We had just been at St. Fidelis Church, better known as the Cathedral on the Plains. (More about that another day.) I had tucked my camera back in the bag and was about to open my book. But I caught a glimpse of the crosses to the right as we traveled toward I-70. 

We'd been to the cathedral before, though it had been several years. We'd been down this road before. But I'd never noticed the crosses.
We pulled into the cemetery, a plot tucked into a ripening wheat field on three sides, a landscape that was making its own subtle transition from green to gold, even as day faded to night.

We began to wander among the markers. 
The faded centers tell a snippet of the story. The pioneers these monuments honor have birthdates from the 1800s and death dates in the next century. In 1876, Germans who were immigrating to Kansas from the Volga River region of Russia began to settle in Ellis County. The Germans were accustomed to the hard work associated with farming in their homeland, so they persevered despite brutal winters, drought and poor crops. Eventually, in 1913, their settlement called Herzog and the earlier-established town of Victoria grew together and merged as one.
There are 110 iron cross grave markers in St. Fidelis Cemetery. Because wood was available and less expensive than granite or marble, the first burial markers for the Volga-German pioneers were simple wooden crosses. But with the strong Kansas winds and storms rotting the wooden crosses, local blacksmiths began to craft wrought iron crosses. 
Although the techniques used by the blacksmiths varied from community to community in Ellis County, many of the crosses were made of twin steel pipes bent and joined to form the main structure of the cross and rounded off with U-shaped joints. Metal lattice work was created and welded between the pipes. The coils were made from a soft rod clamped into a vise and turned to fit a particular pattern. The decorative inserts were twisted rods or thin, flat metal. The hearts and other shapes were cut from tin and welded into place. (Information taken from the brochure, "Victoria, Kansas: Home of One of the 8 Wonders of Kansas."

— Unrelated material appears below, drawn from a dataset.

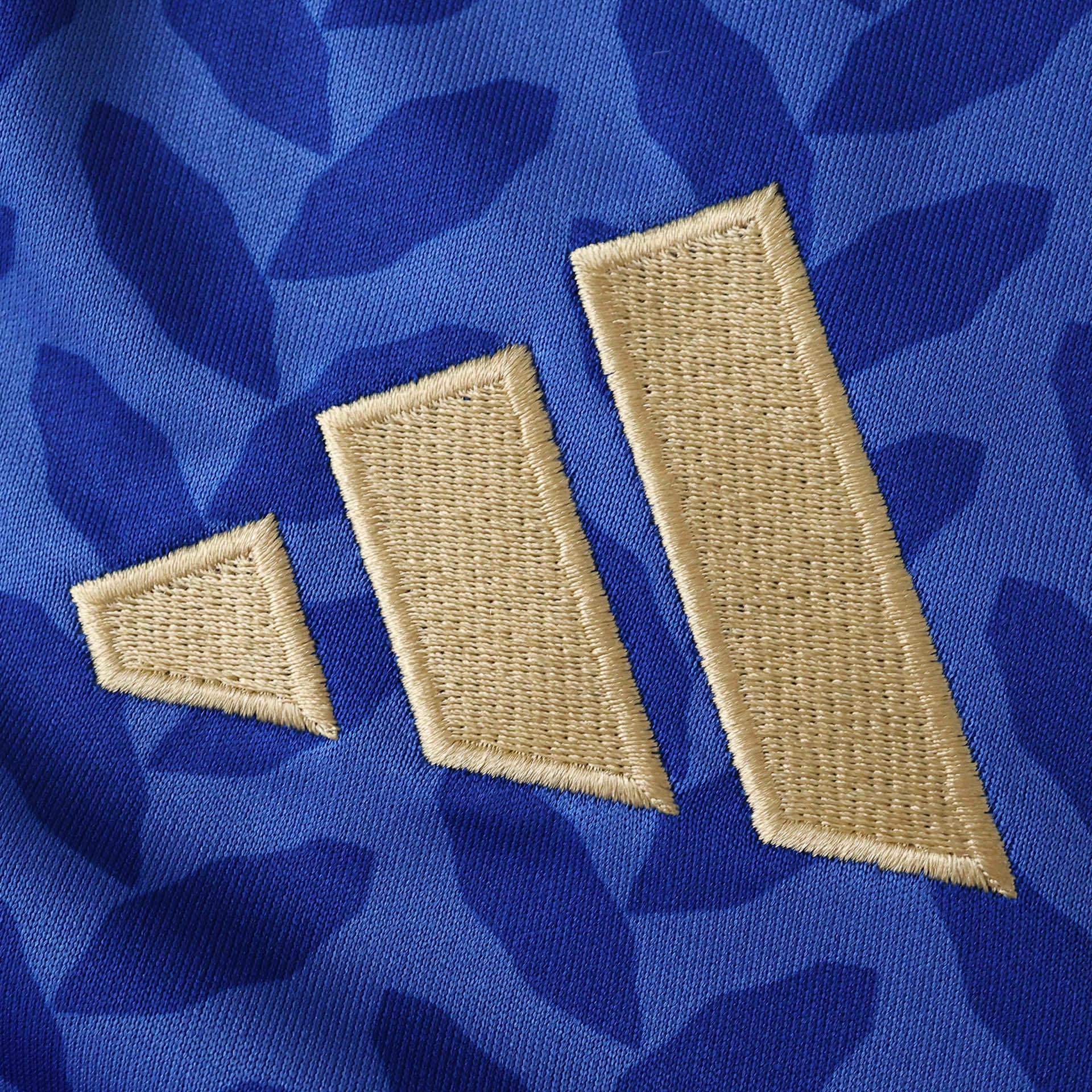 - Ikonisches Azzurri-Blau: Das Design zeichnet sich durch die für Italien typische tiefblaue Grundfarbe (die Namensgeberin der Mannschaft, "Azzurri") aus, die mit einem dezenten Lorbeerblattmuster (in Blauverlauf) kombiniert ist – eine Anspielung auf Italiens historische Verbindung mit Lorbeerkränzen (Symbole des Sieges).
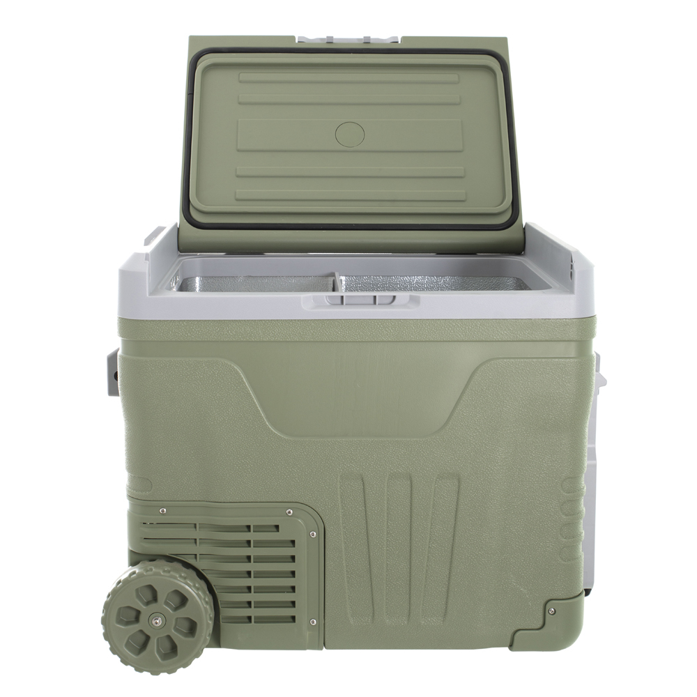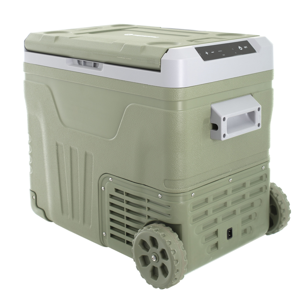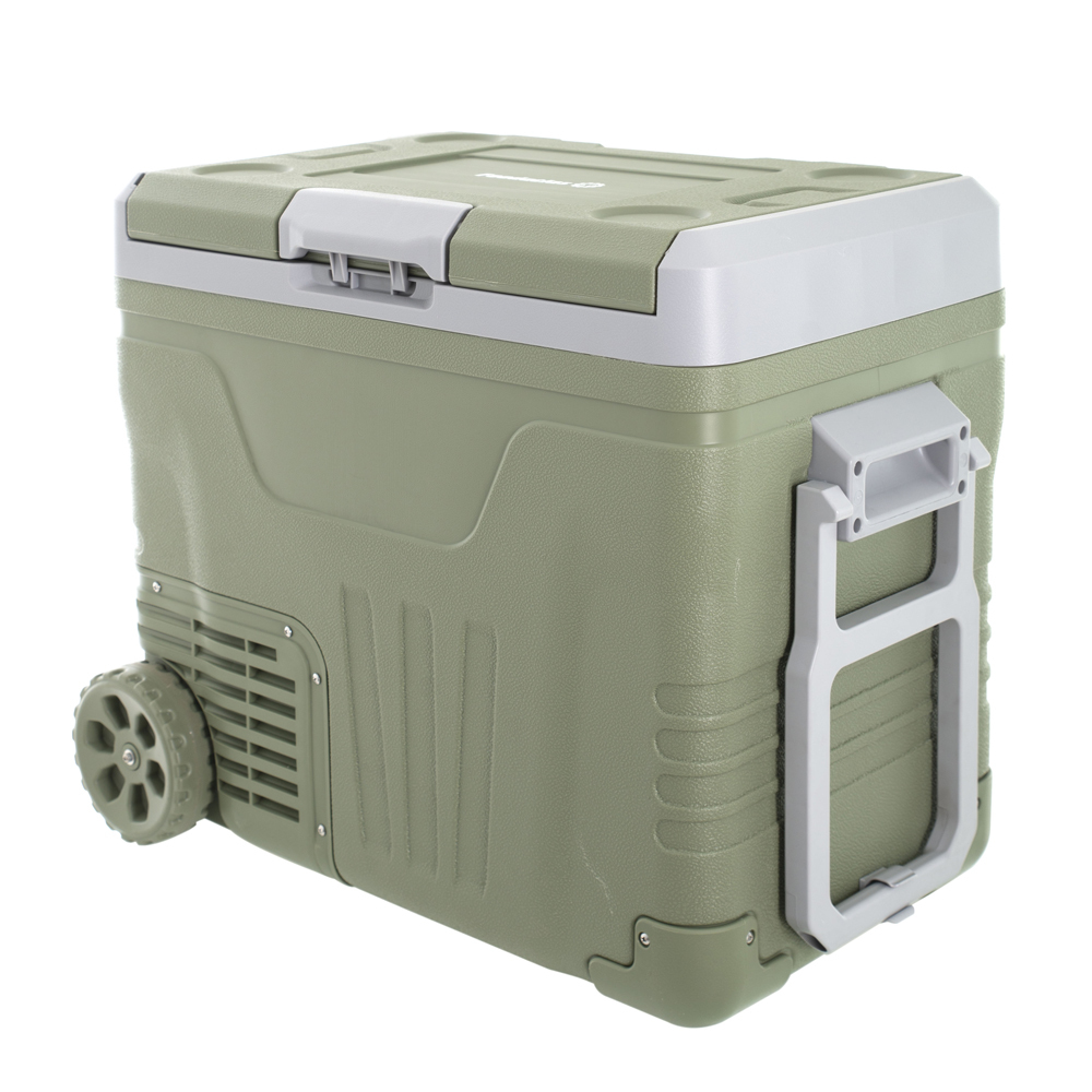 Визуально автомобильный холодильник напоминает вместительную дорожную сумку с ручками и большими колесами. Его можно переносить, а также перекатывать по ровной поверхности. Холодильник FA-55 может устанавливаться в багажник седана, хэтчбека или кроссовера, а также в просторный салон автомобиля.

Just a little further north, there's a cross enclosed in native limestone fence posts, which marks the original cemetery.
This Memorial Day weekend signals the unofficial start of summer. For many, it's a kickoff for summer rituals like barbecues and trips to the lake. This year, it may also usher wheat harvest into Central Kansas.

But no matter how busy we get with work or play, Memorial Day is also a time to remember those who came before us. It's a time to remember those who sacrificed their time and even their lives on battlefields in far-off lands to protect America's freedom.

It's a time to place flowers at family headstones and remember.
Jill - 1988
For it is in the remembering that we pay tribute to the past and look forward to the future with confidence.
Wishing you a wonderful Memorial Day weekend!


  1. A nice article and one to remember for all the sacrifices of those heroes!